Reproduce the listing exactly. Omit pictures.

[DATASET CONTENT]
+++

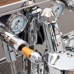 The olive wood accents replace the steam and hot water taps, E61 brew lever, and the single and double spout portafilters. Compared to the stock components, the olive wood portafilters are made from stainless steel as opposed to chrome plated brass.
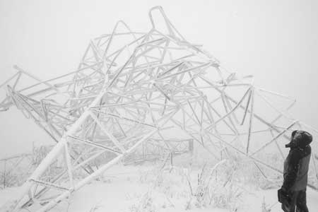 因大別山地區(qū)雪災(zāi)嚴(yán)重,三峽電力外送華東的大動脈——500千伏宜(湖北宜昌)華(上海華新)直流輸電線路受此影響,其中安徽金寨張沖段1146號~1153號線塔覆冰嚴(yán)重,導(dǎo)致4座500千伏線塔18日倒塌,這條電力外送通道送電因此中斷。我省送變電公司385名搶修人員已趕到現(xiàn)場進(jìn)行搶修。
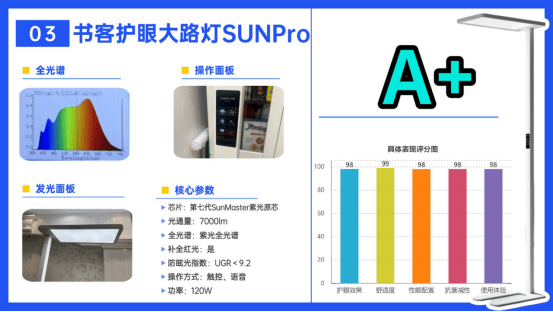总结前面给大家分享的一些知识,简而言之,现在的护眼大路灯很值得入手,而在购买之时,我们需要关注它的技术实力、光源性能等,而对于本次分享,其中书客SUN2是性价比且追求护眼性能的首选,而霍尼韦尔则是适合高预算的伙伴去选择,而想要一台极致护眼的大路灯,那么紫光激发全光谱书客SUN Pro这款可以闭眼入,采用第七代SunMaster紫光原芯,并融合「控·护·养」一体化紫光激发,实现“0”蓝光用眼的同时,能够有效避免98%的近视风险,综合体验自然不会差。
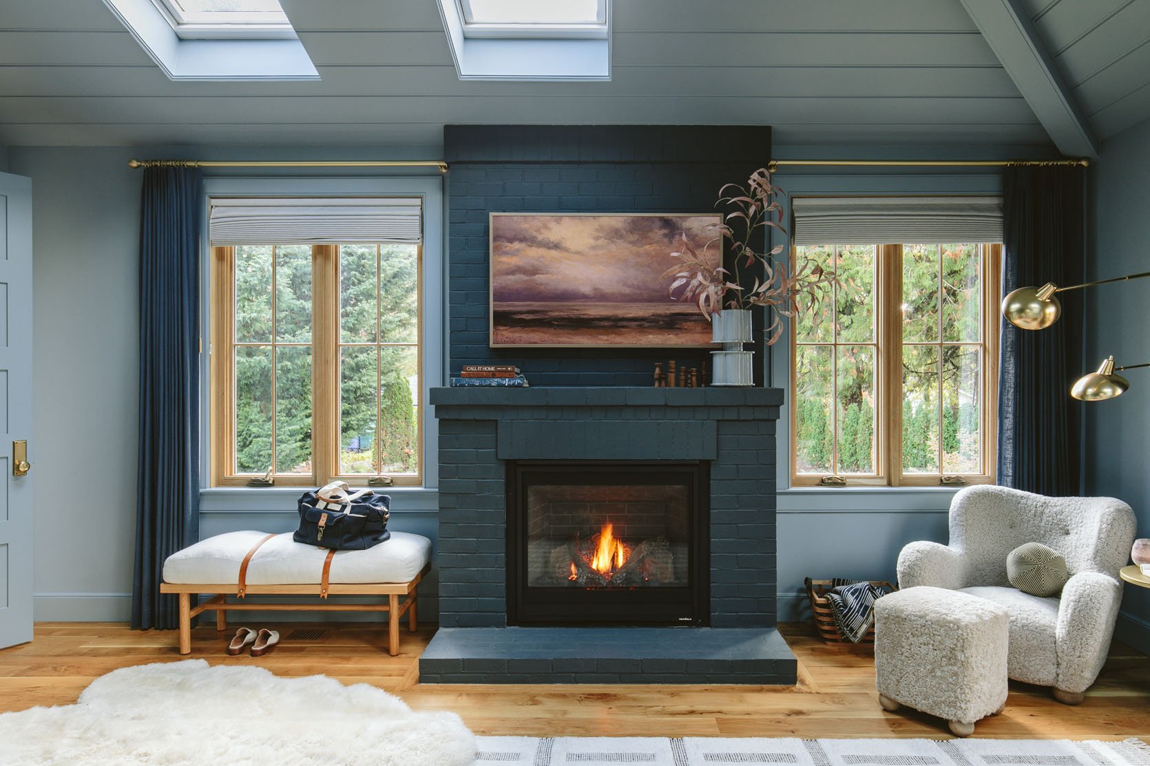We painted our fireplace Big Dipper SW 9645 (which I’ve used before). This is an almost black that would definitely read as black in a low light situation, but is such a pretty dark navy with a lot of green in it here. We love it.

+++

[SOLUTION]
 The olive wood accents replace the steam and hot water taps, E61 brew lever, and the single and double spout portafilters. Compared to the stock components, the olive wood portafilters are made from stainless steel as opposed to chrome plated brass.
 因大別山地區(qū)雪災(zāi)嚴(yán)重,三峽電力外送華東的大動脈——500千伏宜(湖北宜昌)華(上海華新)直流輸電線路受此影響,其中安徽金寨張沖段1146號~1153號線塔覆冰嚴(yán)重,導(dǎo)致4座500千伏線塔18日倒塌,這條電力外送通道送電因此中斷。我省送變電公司385名搶修人員已趕到現(xiàn)場進(jìn)行搶修。
总结前面给大家分享的一些知识,简而言之,现在的护眼大路灯很值得入手,而在购买之时,我们需要关注它的技术实力、光源性能等,而对于本次分享,其中书客SUN2是性价比且追求护眼性能的首选,而霍尼韦尔则是适合高预算的伙伴去选择,而想要一台极致护眼的大路灯,那么紫光激发全光谱书客SUN Pro这款可以闭眼入,采用第七代SunMaster紫光原芯,并融合「控·护·养」一体化紫光激发,实现“0”蓝光用眼的同时,能够有效避免98%的近视风险,综合体验自然不会差。
We painted our fireplace Big Dipper SW 9645 (which I’ve used before). This is an almost black that would definitely read as black in a low light situation, but is such a pretty dark navy with a lot of green in it here. We love it.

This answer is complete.